At the other end of the spectrum is the list of medications specifically excluded from being covered under Medicare Part D. Also, in between those medications that are specifically included or excluded is the effect of the “doughnut hole,” the part of the benefit that forces Medicare beneficiaries to be responsible for 100% of the cost of medications, which was designed in part to give Medicare beneficiaries “skin in the game.” A belief that Medicare beneficiaries need to have a real understanding of the cost of their prescription drugs is a costly lesson to teach. While this may get Medicare beneficiaries to understand the cost of their medication, it also forces many to become non-adherent to those medications needed to manage their chronic comorbid conditions.
Another relatively new change is CMS’ elimination of the requirement on the part of plans to include at least one medication within each of the United States Pharmacopeia’s Formulary Key Drug Types (FKDT). The classes most affected by this change include the antibacterial, antiparkinsonian, antidiabetic, and cardiovascular agents. This change was designed to allow Medicare Part D plans greater latitude in potentially restricting access to medications through greater utilization control measures.
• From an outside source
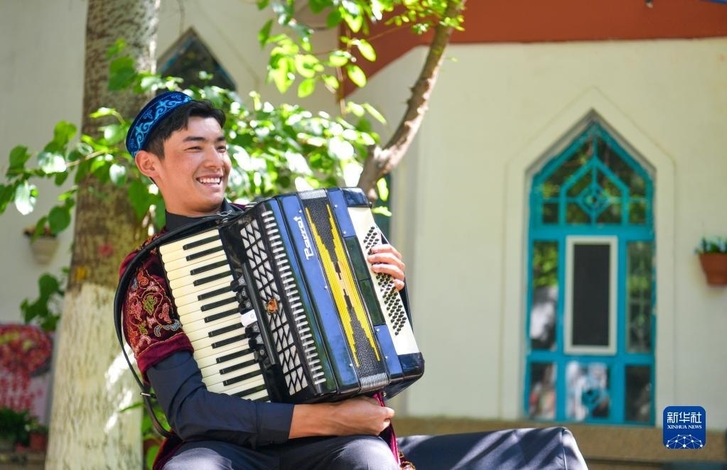 一名樂手在新疆伊寧市六星街街頭準(zhǔn)備演奏手風(fēng)琴(5月17日攝)。新華社記者 王菲 攝
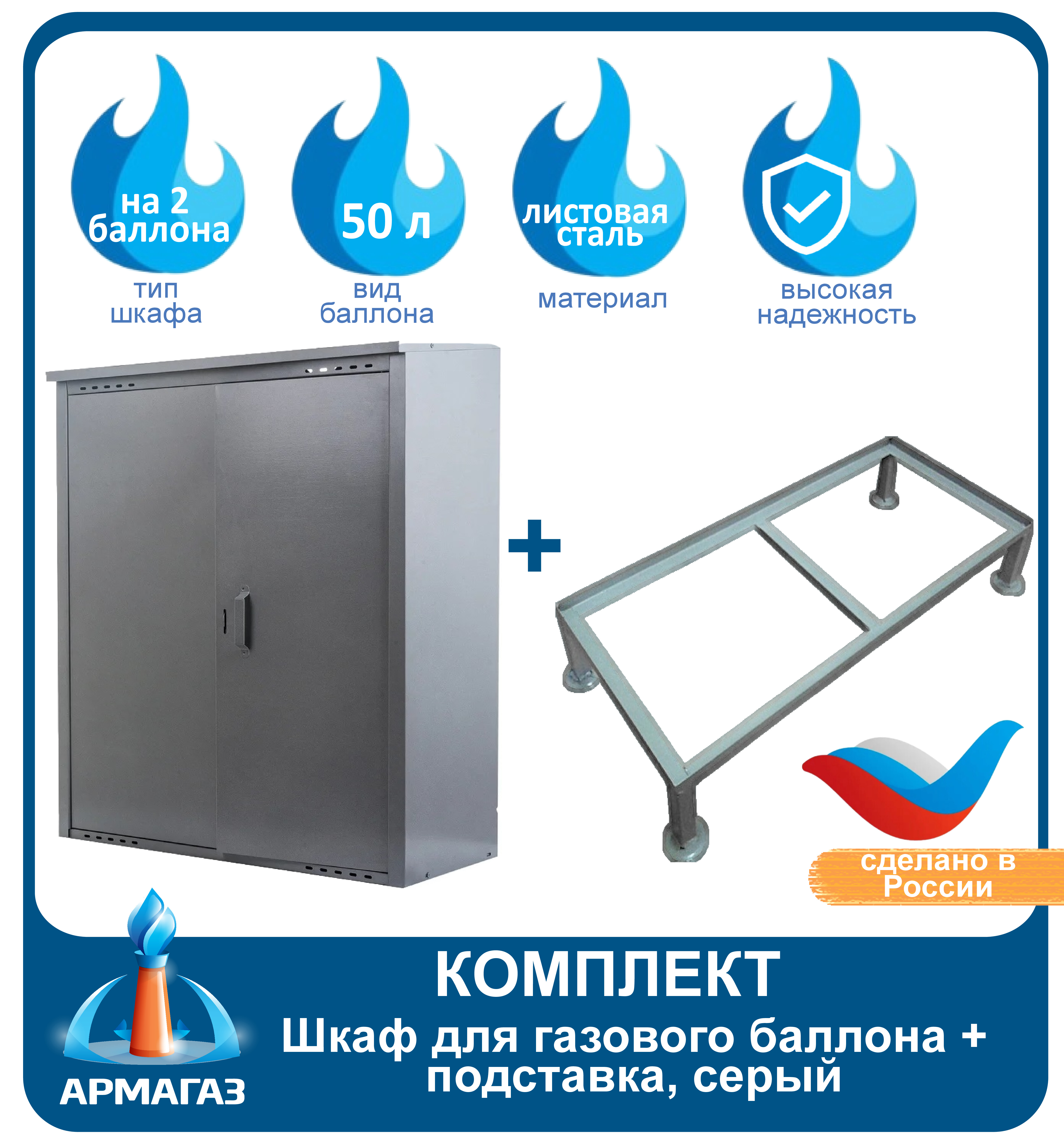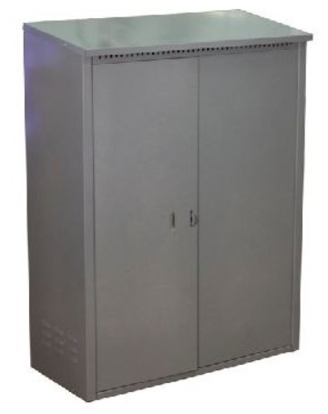 Шкаф изготовлен из оцинкованной стали толщиной 0,8 мм, покрашен с наружной стороны порошковой краской, что обеспечивает двойную защиту от коррозии на весь срок эксплуатации. Метод порошковой покраски позволяет получить полимерное покрытие на поверхности металла, которое эффективно защищает изделие от воздействий окружающей среды. На фронтальной части шкафа имеются вентиляционные отверстия. Наличие ушек на дверцах позволяет закрыть шкаф навесным замком для исключения возможности несанкционированного доступа к баллонам.

The principal tool that Medicare has to assure that the target is hit with regard to the right medications for that particular patient is the medication therapy management (MTM) program, although MTM still is a far cry from what Medicare and others believe it should be at this point. To shore up the MTM program, Medicare is developing measures to hold plans accountable to see that their programs are on target.
Currently, MTM is being used mainly not to assure that the “right” medication is used for the right patient on a purely clinical basis, but on a cost basis as well. Through the use of Least Costly Alternative (LCA) and Therapeutic Interchanges (TI), Medicare is able to promote the use of the less expensive medication even if evidence supports a greater clinical benefit of the more expensive alternative in that class.
Pay for Performance
Dollars are not only being utilized as a driver to assure the use of less expensive medications, but to provide incentives for more efficient and effective therapies. These dollars are being utilized through Medicare’s pay-for-performance programs. These programs have taken many different approaches including those directly involving physicians such as the Physician Quality Reporting Initiative (PQRI), to those involving hospitals through the principle of present on admission (POA). In the first year of the PQRI program, only about 15% of physicians participated in this program.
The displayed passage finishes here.